Minimize [tex](x-16)^2+(y-6)^2+z^2[/tex] subject to [tex]z^2=x^2+y^2[/tex]. The Lagrangian would be
[tex]L(x,y,z,\lambda)=(x-16)^2+(y-6)+z^2+\lambda(z^2-x^2-y^2)[/tex]
and has partial derivatives
[tex]\begin{cases}L_x=2(x-16)-2\lambda x\\L_y=2(y-6)-2\lambda y\\L_z=2z+2\lambda z\\L_\lambda z^2-x^2-y^2\end{cases}[/tex]
Setting each partial derivative to 0, we have
[tex]\begin{cases}2(x-16)-2\lambda x=0\implies (1-\lambda)x=16\\2(y-6)-2\lambda y=0\implies(1-\lambda)y=6\\2z+2\lambda z=0\implies(1+\lambda)z=0\\z^2-x^2-y^2=0\implies z^2=x^2+y^2\end{cases}[/tex]
From the third equation, it follows that either [tex]\lambda=-1[/tex] or [tex]z=0[/tex]. In the second case, we arrive at a contradiction:
[tex]z^2=x^2+y^2=0\implies x=y=0[/tex]
since both [tex]x^2[/tex] and [tex]y^2[/tex] must be non-negative, yet this would mean e.g. [tex](1-\lambda)x=0=16[/tex]. So it must be that [tex]\lambda=-1[/tex].

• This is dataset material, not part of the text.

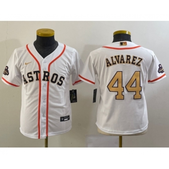 Youth Houston Astros #44 Yordan Alvarez 2023 White Gold World Serise Champions Cool Base Stitched Jersey

The first and second equations then tell us that
[tex](1-\lambda)x=2x=16\implies x=8[/tex]
[tex](1-\lambda)y=2y=6\implies y=3[/tex]
from which we obtain [tex]z^2=8^2+3^2=73\implies z=\pm\sqrt{73}[/tex].
Thus the points on the cone closest to (16, 6, 0) are [tex](8,3,\pm\sqrt{73})[/tex].